However, over the course of many thousands of years, the Neanderthals gradually died out, and Homo Sapiens (reasonable man) took their place. Their most distinct traces were found by archaeologists in the Mesolithic layer 15-6 thousand years ago (Berezovskaya, Kama-Zhulanovskaya, Ogurdinskaya, etc. sites).

Currently, tens of thousands of monuments are known in the Urals, which tell about the distant past of our region. One of these monuments is the Gorbunovsky peat bog, a peat bog near the village of Gorbunovo, near Nizhny Tagil, where the remains of 8 Neolithic and Bronze Age settlements of different times (3 thousand BC - 10 - 9 centuries BC) were discovered and explored .).

Archaeologists discovered a swamp settlement: these are the remains of wooden houses with adobe floors and a light birch bark roof.

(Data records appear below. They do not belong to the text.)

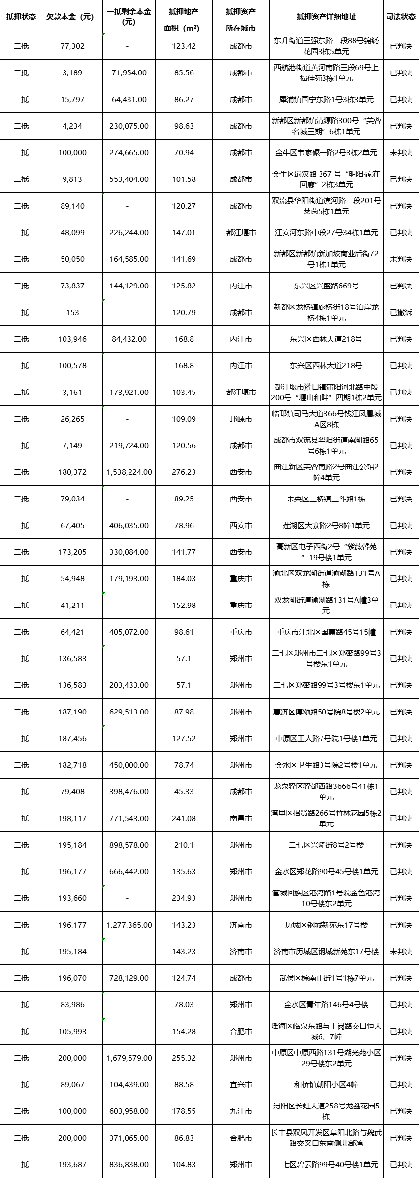 一、基本情況 債權所涉抵押資產(chǎn)均為住宅房產(chǎn),主要位于成都、重慶、西安、鄭州等地,本批次債權已完成訴訟判決,尚未進入執(zhí)行程序,債權清單詳見公告附件。 二、擬轉讓價格及方式:面議 三、營銷公告期:10個工作日 四、交易須知: 1、公告期間,意向投資方可至西南聯(lián)交所特殊資產(chǎn)交易中心咨詢項目信息或申請開展項目盡調。 2、意向投資方資格:具有完全民事行為能力、支付能力的法人、組織或自然人。 3、本公告內(nèi)容僅供參考,該標的債權的具體信息以實際盡調的借據(jù)、合同、法院判決等有關法律資料為準。 4、本公告涉及信息未經(jīng)許可不得以鏈接、文字、圖片等任何形式轉載,違者將追究相關法律責任。 五、盡職調查 營銷公告期內(nèi),意向投資方可向西南聯(lián)交所申請開展項目盡調,申請條件如下: 1、提交基礎資料 意向投資方為企業(yè)的:三證合一企業(yè)法人營業(yè)執(zhí)照(或企業(yè)法人營業(yè)執(zhí)照、組織機構代碼證、稅務登記證)、法定代表人身份證、保密承諾函。 意向投資方為自然人的:身份證、保密承諾函。 2、轉讓方要求的其他條件。 六、項目咨詢 聯(lián) 系 人: 郭經(jīng)理 聯(lián)系電話: 18215606528 地 址:成都市高新區(qū)天泰路120號交易所大廈 | |||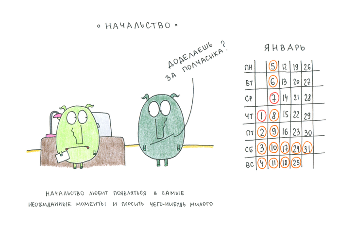 В календаре нашли свое отражение характерные ситуации из офисной жизни. Чего стоит один тезис «Начальство любит появляться в самые неожиданные моменты и просить чего-нибудь милого»!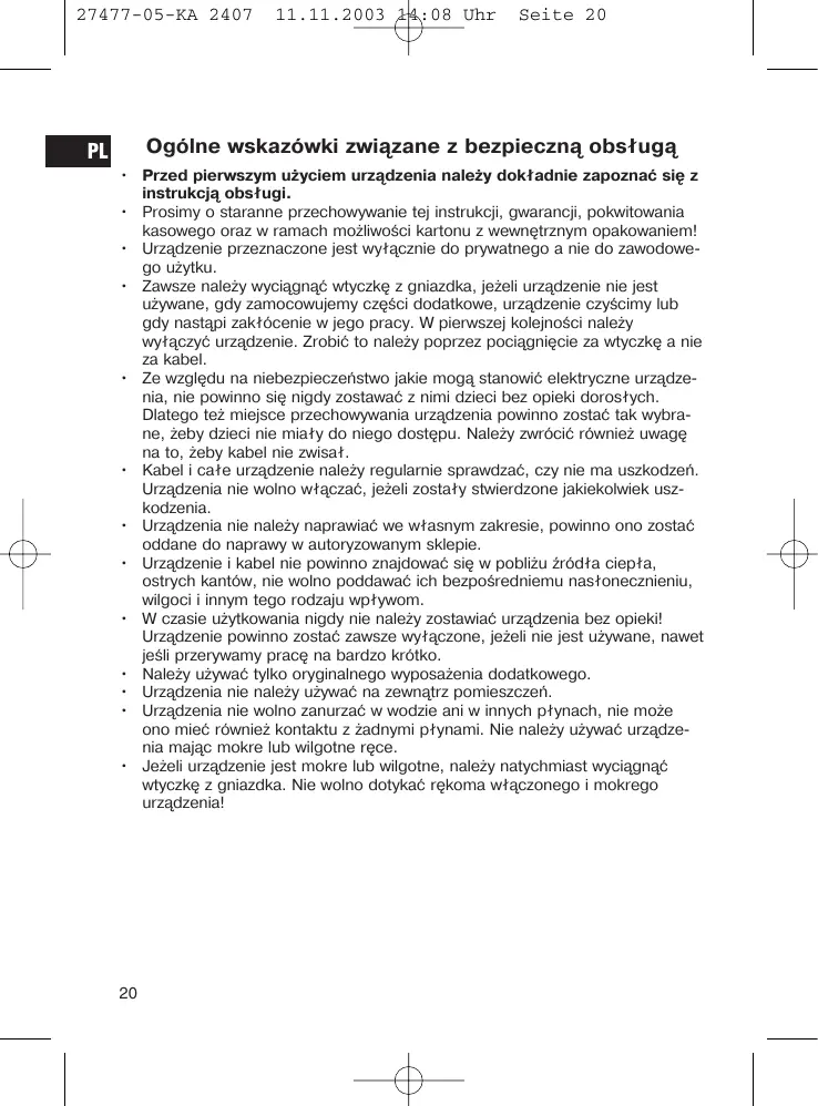 • Przed pierwszym użyciem urządzenia należy dokładnie zapoznać się z instrukcją obsługi. • Prosimy o staranne przechowywanie tej instrukcji, gwarancji, pokwitowania kasowego oraz w ramach możliwości kartonu z wewnętrznym opakowaniem! • Urządzenie przeznaczone jest wyłącznie do prywatnego a nie do zawodowego użytku. • Zawsze należy wyciągnąć wtyczkę z gniazdka, jeżeli urządzenie nie jest używane, gdy zamocowujemy części dodatkowe, urządzenie czyścimy lub gdy nastąpi zakłócenie w jego pracy. W pierwszej kolejności należy wyłączyć urządzenie. Zrobić to należy poprzez pociągnięcie za wtyczkę a nie za kabel. • Ze względu na niebezpieczeństwo jakie mogą stanowić elektryczne urządzenia, nie powinno się nigdy zostawać z nimi dzieci bez opieki dorosłych. Dlatego też miejsce przechowywania urządzenia powinno zostać tak wybrane, żeby dzieci nie miały do niego dostępu. Należy zwrócić również uwagę na to, żeby kabel nie zwisał. • Kabel i całe urządzenie należy regularnie sprawdzać, czy nie ma uszkodzeń. Urządzenia nie wolno włączać, jeżeli zostały stwierdzone jakiekolwiek uszkodzenia. • Urządzenia nie należy naprawiać we własnym zakresie, powinno ono zostać oddane do naprawy w autoryzowanym sklepie. • Urządzenie i kabel nie powinno znajdować się w pobliżu źródła ciepła, ostrych kantów, nie wolno poddawać ich bezpośredniemu nasłonecznieniu, wilgoci i innym tego rodzaju wpływom. • W czasie użytkowania nigdy nie należy zostawiać urządzenia bez opieki! Urządzenie powinno zostać zawsze wyłączone, jeżeli nie jest używane, nawet jeśli przerywamy pracę na bardzo krótko. • Należy używać tylko oryginalnego wyposażenia dodatkowego. • Urządzenia nie należy używać na zewnątrz pomieszczeń. • Urządzenia nie wolno zanurzać w wodzie ani w innych płynach, nie może ono mieć również kontaktu z żadnymi płynami. Nie należy używać urządzenia mając mokre lub wilgotne ręce. • Jeżeli urządzenie jest mokre lub wilgotne, należy natychmiast wyciągnąć wtyczkę z gniazdka. Nie wolno dotykać rękoma włączonego i mokrego urządzenia!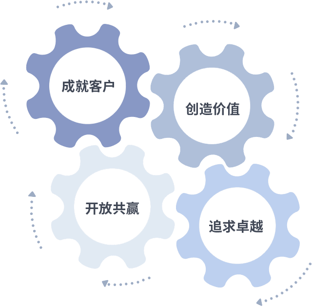 成就客户是一切决策的出发点,,,,创造价值是衡量所有工作的标准,,,追求卓越是我们做事做人的态度,,,开放共赢是我们的格局也是最终的结果。。价值观的齿轮环环相扣,,,,推动着组织里的每个人不断向前。。。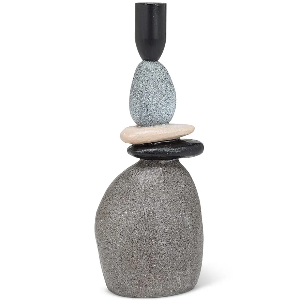 Stacked stone taper candle holder, 9″. This unique stack of coloured pebbles makes a charming taper holder. Made from resin and measuring 9″ high, it’s perfect for adding a contemporary yet organic touch to your home decor. Other size also available.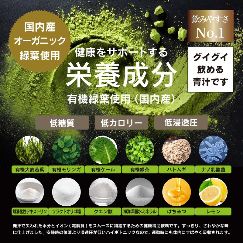 • ダイエットサポート&スポーツ(青汁)飲料。低糖質、低カロリーで、毎日の栄養補助に。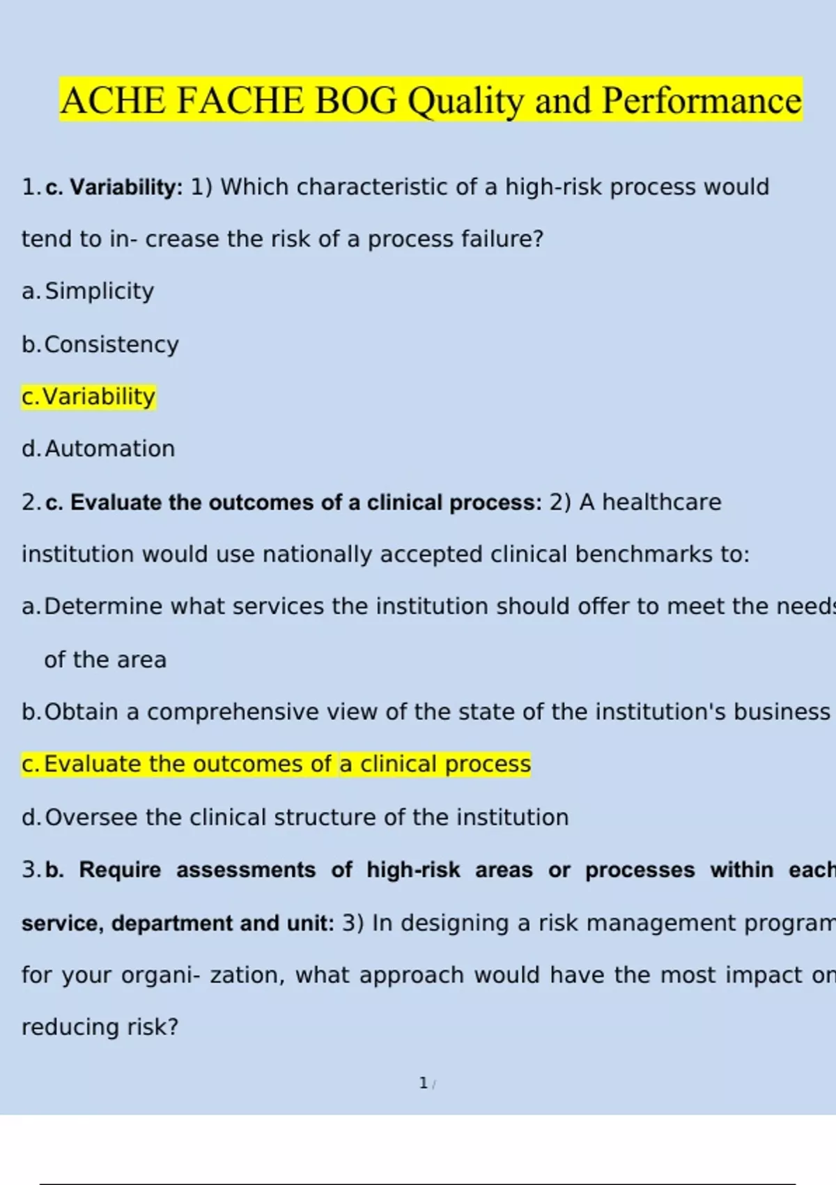 ACHE FACHE BOG Quality and Performance | Questions with 100% Correct Answers | Verified | Updated 2024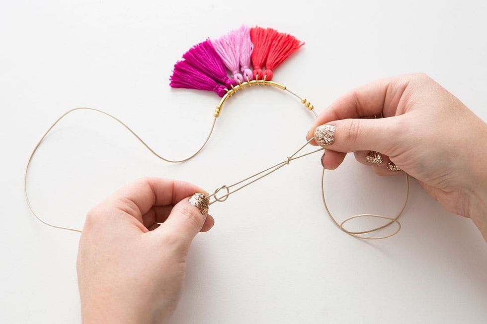 Thread your one gold tube bead and six tassels onto the leather cord, centering the tassels over the tube bead.

Parts of residential buildings have been preserved in the form of wooden decks, on which many household items have been found: fragments of pottery, tools made of wood and stone, floats and weights for nets, flint arrowheads, bone harpoons, hoe tips made of horn, wonderful wood products - vessels in the form of figures of an elk and a waterfowl, idols, oars, a boomerang, etc. These are dishes made of wood that existed in the 3rd millennium BC. Crockery used in bronze age. Her arms are shaped like heads. waterfowl. In addition to wood, many products made of birch bark, as well as clay were found. The finds indicate that the main occupations of the population were fishing, hunting and, possibly, agriculture.

Probably, it was this first population of people of the modern anthropological type that became the ancestor of many tribes, and then peoples, the local population.

The location of natural waterways - rivers and determined the places of settlement of the first inhabitants of the Ural Territory. By the VIII - IX centuries. n. e. its indigenous population were Khanty and Mansi, as well as Komi-Permyaks, Udmurts and Bashkirs, the first and legitimate owners of the Ural lands, their natural resources, which were not immediately revealed to people.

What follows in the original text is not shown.